* TASK STATEMENT: Using only the entries below, output the lines starting at the one containing "白俄罗斯进口拉达米尔牌黑天鹅风味伏特加700ml" and ending at the one containing "أنبأنا أبو غالب", exactly and inclusive of both, omitting the pictures.

START SUPPLIED INFORMATION

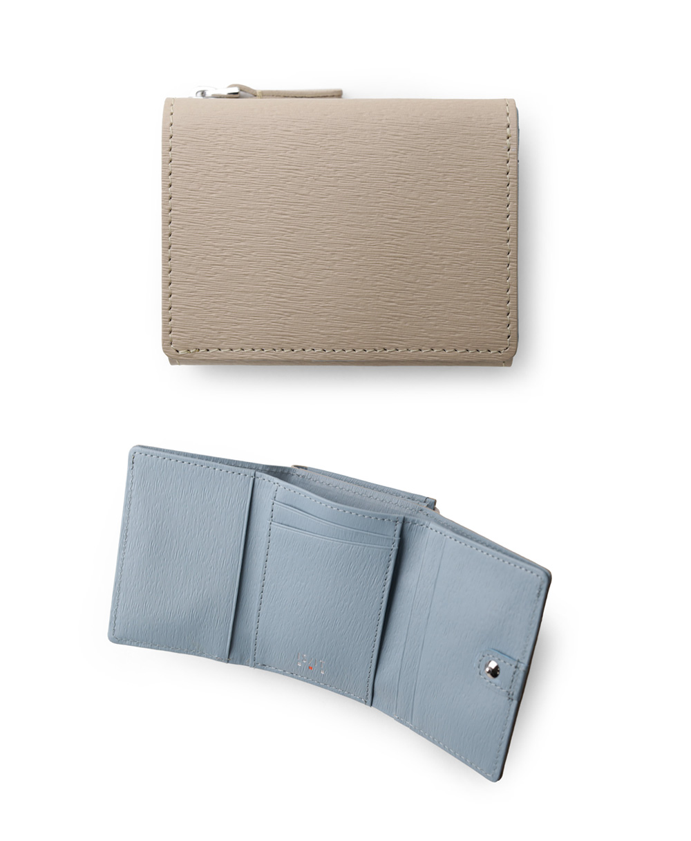 スモーキーなカラーコンビが魅力の三つ折り財布。エンボスレザーを贅沢に使用したこのホルダーは、その特徴的な質感が際立ちます。さらに、優れた耐久性を持ち、傷が目立ちにくいので、長く愛用いただけます。ジェンダーレスなデザインとカラーコンビは、男女を問わず幅広い方にお楽しみいただけます。
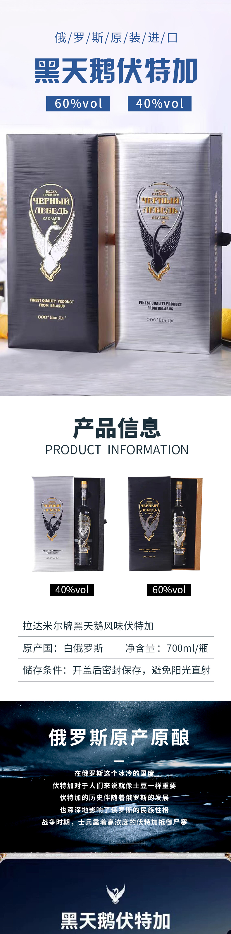 白俄罗斯进口拉达米尔牌黑天鹅风味伏特加700ml
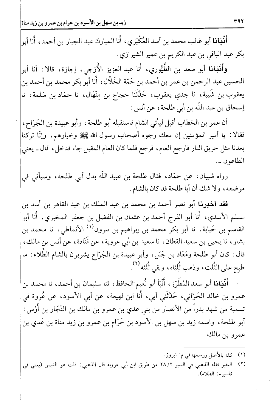 أنبأنا أبو غالب محمد بن أسد العكبري أنا المبارك عبد الجبار بن أحمد أنا أبو بكر عبد الباقي بن عبد الكريم بن عمير الشيرازي وأنبأنا أبو سعد بن الطيوري أنا عبد العزيز الأزجي إجازة قالا أنا أبو الحسين عبد الرحمن بن عمر بن أحمد بن حمة الخلال أنا أبو بكر محمد بن أحمد بن يعقوب بن شيبة نا جدي يعقوب حدثنا حجاج بن منهال نا حماد بن سلمة نا إسحاق بن عبد الله بن أبي طلحة عن أنس أن عمر بن الخطاب أقبل ليأتي الشام فاستقبله أبو طلحة وأبو عبيدة بن الجراح فقالا يا أمير المؤمنين إن معك وجوه أصحاب رسول الله ص - وخيارهم وإنا تركنا بعدنا مثل حريق النار فارجع العام فرجع فلما كان العام المقبل جاء فدخل قال يعني الطاعون رواه شيبان عن حماد فقال طلحة بن عبيد الله بدل أبي طلحة وسيأتي في موضعه ولا شك أن أبا طلحة قد كان بالشام فقد أخبرنا أبو نصر أحمد بن محمد بن عبد الملك بن عبد القاهر بن أسد بن مسلم الأسدي أنا أبو الفرج أحمد بن عثمان بن الفضل بن جعفر المخبري أنا أبو القاسم بن حبابة نا أبو بكر محمد بن إبراهيم بن نيروز (1) الأنماطي نا محمد بن بشار نا يحيى بن سعيد القطان نا سعيد بن أبي عروبة عن قتادة عن أنس بن مالك قال كان أبو طلحة ومعاذ بن جبل وأبو عبيدة بن الجراح يشربون بالشام الطلاء ما طبخ على الثلث وذهب ثلثاه وبقي ثلثه (2) أنبأنا أبو سعد المطرز أنبأ أبو نعيم الحافظ ثنا سليمان بن أحمد نا محمد بن عمرو بن خالد الحراني حدثني أبي أنا ابن لهيعة عن أبي الأسود عن عروة في تسمية من شهد بدرا من الأنصار من بني عدي بن عمرو بن مالك بن النجار بن أوس أبو طلحة واسمه زيد بن سهل بن الأسود بن حرام بن عمرو بن زيد مناة بن عدي بن عمرو بن مالك
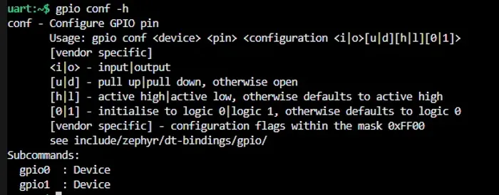 The latest documentation for peripherals (UART, SPI, PWM, PIN, e.t.c.) APIs can be found at https://docs.zephyrproject.org/latest/reference/peripherals/index.html. Some of Zephyr’s own documentation on drivers is great and teaches you by example, and other drivers are not so well written and you have to piece together code snippets littered all over the place. The automated Doxygen generation is pretty decent, but is only really useful once you know the basics — it doesn’t serve as a great intro in a driver’s API and how to use it.
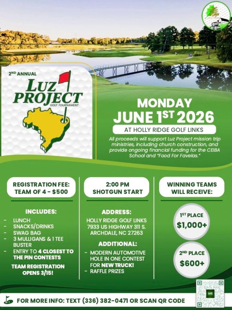 All proceeds from our 2nd annual golf tournament will go to Luz Project, a 501(c)(3) nonprofit mission organization that has ministered to the poor and needy in Alagoas, Brazil for 29 years. In June of 2026, Luz Project will build its 39th church as it partners with local churches and pastors. In addition to construction, Luz Project provides sports camps, women’s, and children’s ministries during annual mission trips. Ongoing community support occurs throughout the entire year as local volunteers assist with Food for Favelas, after-school tutoring, and support of a Christian education and community center.

END SUPPLIED INFORMATION

* EXERCISE SOLUTION:
 白俄罗斯进口拉达米尔牌黑天鹅风味伏特加700ml
 أنبأنا أبو غالب محمد بن أسد العكبري أنا المبارك عبد الجبار بن أحمد أنا أبو بكر عبد الباقي بن عبد الكريم بن عمير الشيرازي وأنبأنا أبو سعد بن الطيوري أنا عبد العزيز الأزجي إجازة قالا أنا أبو الحسين عبد الرحمن بن عمر بن أحمد بن حمة الخلال أنا أبو بكر محمد بن أحمد بن يعقوب بن شيبة نا جدي يعقوب حدثنا حجاج بن منهال نا حماد بن سلمة نا إسحاق بن عبد الله بن أبي طلحة عن أنس أن عمر بن الخطاب أقبل ليأتي الشام فاستقبله أبو طلحة وأبو عبيدة بن الجراح فقالا يا أمير المؤمنين إن معك وجوه أصحاب رسول الله ص - وخيارهم وإنا تركنا بعدنا مثل حريق النار فارجع العام فرجع فلما كان العام المقبل جاء فدخل قال يعني الطاعون رواه شيبان عن حماد فقال طلحة بن عبيد الله بدل أبي طلحة وسيأتي في موضعه ولا شك أن أبا طلحة قد كان بالشام فقد أخبرنا أبو نصر أحمد بن محمد بن عبد الملك بن عبد القاهر بن أسد بن مسلم الأسدي أنا أبو الفرج أحمد بن عثمان بن الفضل بن جعفر المخبري أنا أبو القاسم بن حبابة نا أبو بكر محمد بن إبراهيم بن نيروز (1) الأنماطي نا محمد بن بشار نا يحيى بن سعيد القطان نا سعيد بن أبي عروبة عن قتادة عن أنس بن مالك قال كان أبو طلحة ومعاذ بن جبل وأبو عبيدة بن الجراح يشربون بالشام الطلاء ما طبخ على الثلث وذهب ثلثاه وبقي ثلثه (2) أنبأنا أبو سعد المطرز أنبأ أبو نعيم الحافظ ثنا سليمان بن أحمد نا محمد بن عمرو بن خالد الحراني حدثني أبي أنا ابن لهيعة عن أبي الأسود عن عروة في تسمية من شهد بدرا من الأنصار من بني عدي بن عمرو بن مالك بن النجار بن أوس أبو طلحة واسمه زيد بن سهل بن الأسود بن حرام بن عمرو بن زيد مناة بن عدي بن عمرو بن مالك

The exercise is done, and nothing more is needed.